Een jaartje later komt dan toch het goede nieuws dat de nieuwe brug over de Dender en de spoorlijnen in Kerrebroek, toch in de eerstvolgende jaren zou worden aangelegd. De minister van Openbare Werken had deze werken in eerste instantie uitgesteld en ze voorzien tussen 1973 en 1975 maar in 1972 werd dan toch aangevangen met de werken aan dit sluitstuk van de Aalsterse Ringlaan die de Boudewijnlaan moet verbinden met de H. Hartlaan.

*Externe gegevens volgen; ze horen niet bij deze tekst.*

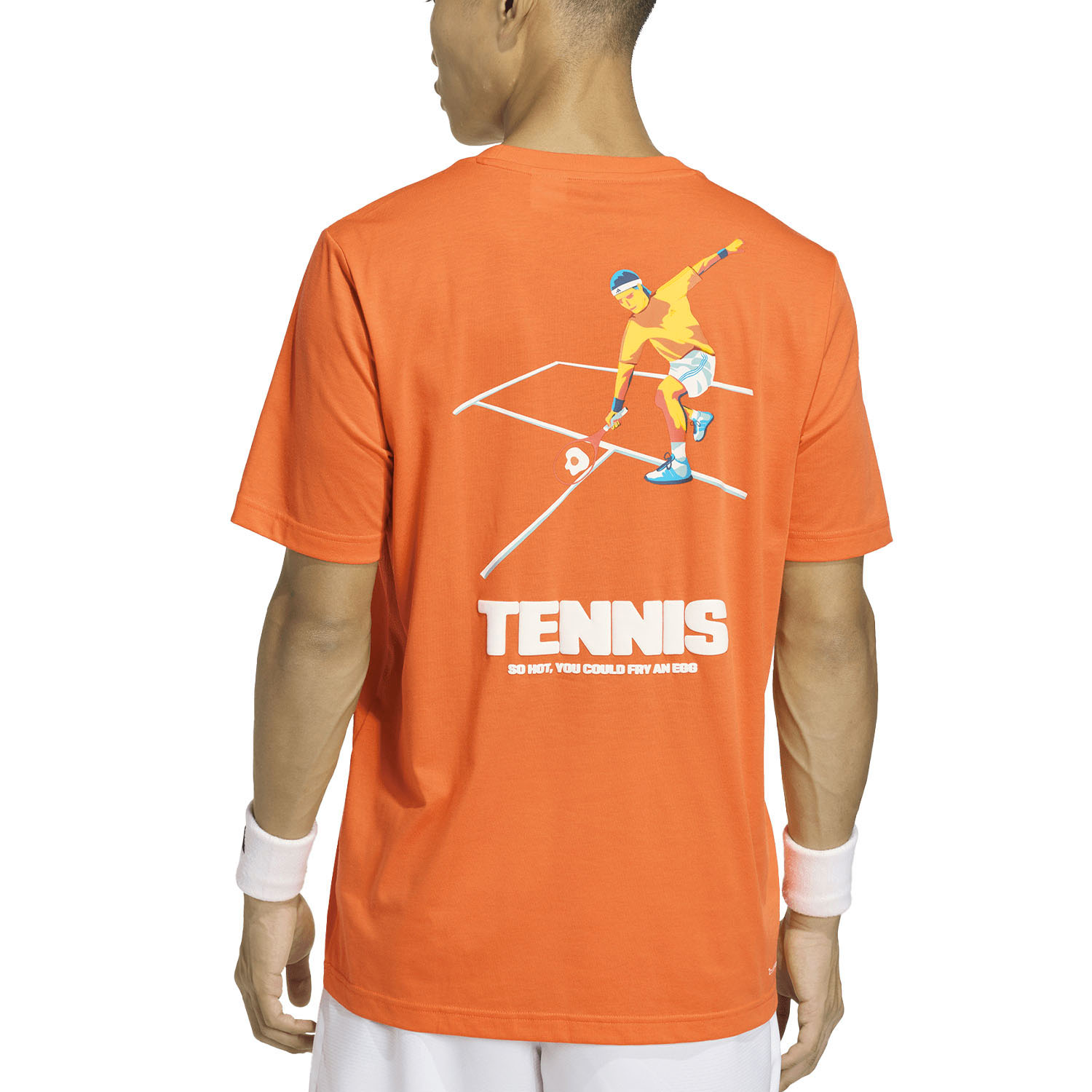 La maglietta da tennis per uomo adidas Hot Egg Graphic è il must-have versatile per eccellenza. Il jersey morbido e leggero, rifinito con tecnologia traspirante, garantisce freschezza prolungata: un capo perfetto sia per gli allenamenti intensi che per il relax quotidiano. La stampa sul retro aggiunge infine una nota simpatica e giocosa, dedicata a tutti gli amanti degli sport di racchetta.

Het was zonder lint en zonder speeches dat in februari 1975 het eerste stuk van het viaduktcomplex voor het verkeer opengesteld werd. In 1972 werd aangevangen met de werken en normalerwijze diende de opening te gebeuren in 1973. Allerlei omstandigheden, onder meer stakingen bij firma's die toebehoren dienden te leveren, zorgden er voor dat alles gebeurde met wat uitstel.

Nadat de burgemeester, schepenen en ingenieurs het viaduct inwandelden maakten meteen vele weggebruikers gebruik van deze nieuwe verbindingsweg.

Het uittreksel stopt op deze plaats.